Have you ever looked at a microscopy stains catalog? The most beautiful images you can't imagine. Just a different world.

At the moment, I'm mostly concerned about a bindweed mite experiment we're conducting locally. They are elusive but we're seeing signs of predation.

https://xeriscape.neocities.org/bindweedmites

contingencies•4mo ago
After realising the organic insecticides were only a single active ingredient (Potassium laurate) and overpriced I launched a chemistry mission.

Based upon commercial retail product labeling, the target solution strength is 2% in water and this has been certified organic by some authority or other. Based upon my recent research, you can't buy it at full strength as far as I know, but you can buy two precursor chemicals: potassium hydroxide and lauric acid. It's an acid-base reaction. Therefore you need to work on equal molarity not equal weights.

1. Obtain potassium hydroxide and lauric acid

2. Weigh out 20.03g of Lauric acid, dissolve in 200mL water.

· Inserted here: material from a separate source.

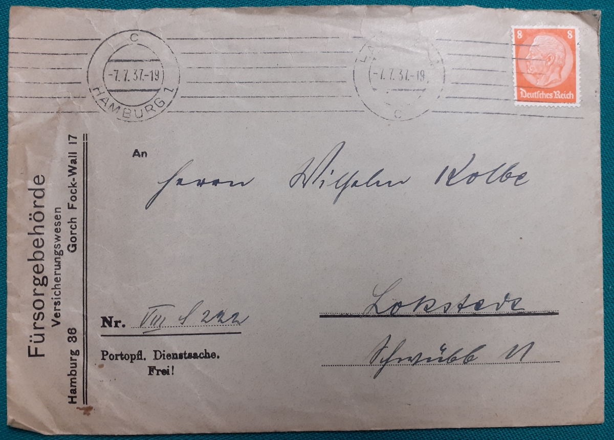 "Briefumschlag von 1937" Briefmarke Deutsches Reich Hindenburg 8 Pf. rot; gelaufen am 7.7.1937 von der von der Fürsorgebehörde Hamburg nach Lokstedt (Kr. Pinneberg); Rundstempel; Umschlag in recht gutem altersgemäßen Zustand Preis: 2 EURO |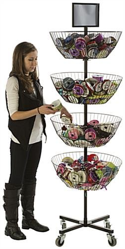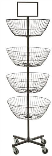 This 4 tier basket stand provides a decorative wire display with large round open top bins to hold an abundance of merchandise. Whether each floor standing unit is utilized to showcase garden essentials, home accessories, produce, fruit, or retail products the compartments rotate individually allowing multiple parties to view items at once. Assembly for the basket stand display is quick and easy, creating a knock down rack that can be packed and stored when not in use. Optional casters are provided with 2 locking wheels, as well as 4 levelers if a more stationary decorative wire unit is desired. Direct attention to deals, discounts, and specials for customer’s to browse with a removable top header. Create a unique display that allows clients to sort through products within each black bin which spins individually on each basket stand.

3. Weigh out 5.61g of Potassium hydroxide, dissolve in 200mL of water. This will get hot so you will need to wait until it cools down.

4. Mix the two solutions. It will give you 400mL solution containing 23.84g potassium laurate (60g/L).

5. Since a 2% solution is 20g/L, you dilute the solution in the ratio 1 part solution to 2 parts water (ie. add 800mL water). So in total you should have 1.2L of 2% product.

dendrite9•4mo ago
Maybe you can volunteer to send a sample to the Living Snow Project next year! It looks like they have samples from California, I've missed my opportunity in the last few years due to family stuff.